* **Supplied data**
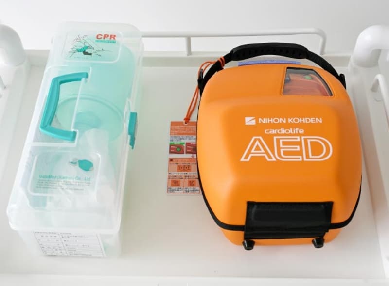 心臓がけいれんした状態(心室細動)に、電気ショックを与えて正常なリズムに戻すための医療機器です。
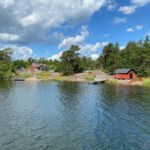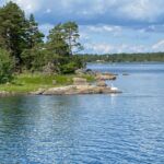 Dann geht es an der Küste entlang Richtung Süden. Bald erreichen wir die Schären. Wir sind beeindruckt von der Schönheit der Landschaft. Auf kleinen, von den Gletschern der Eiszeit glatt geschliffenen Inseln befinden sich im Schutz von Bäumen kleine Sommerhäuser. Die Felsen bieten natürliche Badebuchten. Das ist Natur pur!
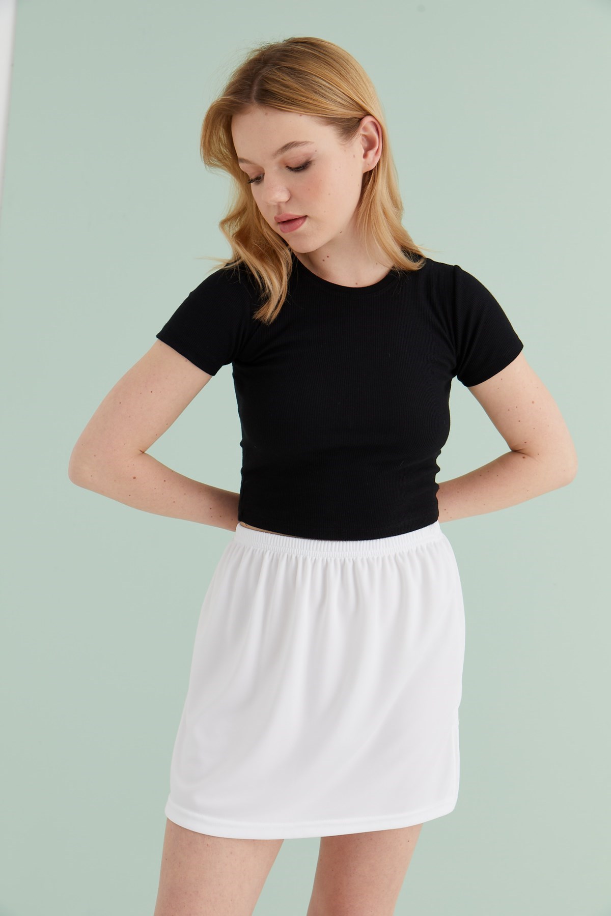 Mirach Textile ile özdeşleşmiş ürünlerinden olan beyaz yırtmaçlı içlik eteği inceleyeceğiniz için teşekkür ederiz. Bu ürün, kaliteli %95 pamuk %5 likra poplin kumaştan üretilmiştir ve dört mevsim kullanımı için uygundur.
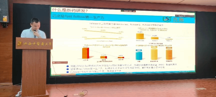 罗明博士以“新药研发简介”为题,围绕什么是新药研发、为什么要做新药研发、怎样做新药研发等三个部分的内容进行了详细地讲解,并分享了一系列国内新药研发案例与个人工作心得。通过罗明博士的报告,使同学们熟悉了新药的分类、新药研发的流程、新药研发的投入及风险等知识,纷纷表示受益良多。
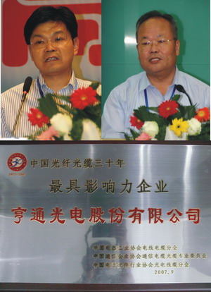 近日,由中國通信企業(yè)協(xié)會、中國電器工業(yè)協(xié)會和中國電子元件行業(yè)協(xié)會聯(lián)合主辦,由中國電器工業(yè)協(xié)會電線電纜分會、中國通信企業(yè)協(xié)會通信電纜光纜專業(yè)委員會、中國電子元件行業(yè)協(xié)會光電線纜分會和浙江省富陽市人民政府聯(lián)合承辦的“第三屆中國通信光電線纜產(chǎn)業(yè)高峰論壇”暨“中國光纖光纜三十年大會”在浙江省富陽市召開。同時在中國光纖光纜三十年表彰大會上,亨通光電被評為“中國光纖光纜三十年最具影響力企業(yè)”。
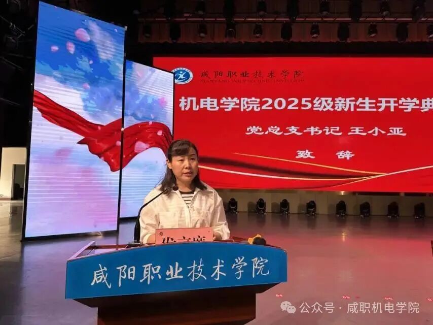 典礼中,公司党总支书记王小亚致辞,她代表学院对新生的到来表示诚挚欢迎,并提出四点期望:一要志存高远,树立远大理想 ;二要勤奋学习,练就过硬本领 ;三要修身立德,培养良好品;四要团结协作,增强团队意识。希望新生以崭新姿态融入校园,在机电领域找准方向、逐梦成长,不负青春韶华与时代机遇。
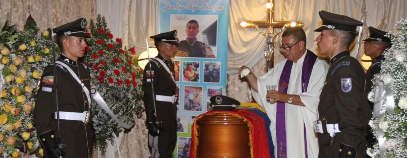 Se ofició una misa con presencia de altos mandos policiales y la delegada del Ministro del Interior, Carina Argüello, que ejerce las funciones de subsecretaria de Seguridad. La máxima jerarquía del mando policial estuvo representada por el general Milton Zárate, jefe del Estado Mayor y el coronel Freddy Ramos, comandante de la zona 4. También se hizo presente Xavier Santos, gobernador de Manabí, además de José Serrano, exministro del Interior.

* **What to do**
Transcribe every line from the one with "近日,由中國通信企業(yè)" to the last line of the records above, exactly, excluding pictures.

* **Completed task**
 近日,由中國通信企業(yè)協(xié)會、中國電器工業(yè)協(xié)會和中國電子元件行業(yè)協(xié)會聯(lián)合主辦,由中國電器工業(yè)協(xié)會電線電纜分會、中國通信企業(yè)協(xié)會通信電纜光纜專業(yè)委員會、中國電子元件行業(yè)協(xié)會光電線纜分會和浙江省富陽市人民政府聯(lián)合承辦的“第三屆中國通信光電線纜產(chǎn)業(yè)高峰論壇”暨“中國光纖光纜三十年大會”在浙江省富陽市召開。同時在中國光纖光纜三十年表彰大會上,亨通光電被評為“中國光纖光纜三十年最具影響力企業(yè)”。
 典礼中,公司党总支书记王小亚致辞,她代表学院对新生的到来表示诚挚欢迎,并提出四点期望:一要志存高远,树立远大理想 ;二要勤奋学习,练就过硬本领 ;三要修身立德,培养良好品;四要团结协作,增强团队意识。希望新生以崭新姿态融入校园,在机电领域找准方向、逐梦成长,不负青春韶华与时代机遇。
 Se ofició una misa con presencia de altos mandos policiales y la delegada del Ministro del Interior, Carina Argüello, que ejerce las funciones de subsecretaria de Seguridad. La máxima jerarquía del mando policial estuvo representada por el general Milton Zárate, jefe del Estado Mayor y el coronel Freddy Ramos, comandante de la zona 4. También se hizo presente Xavier Santos, gobernador de Manabí, además de José Serrano, exministro del Interior.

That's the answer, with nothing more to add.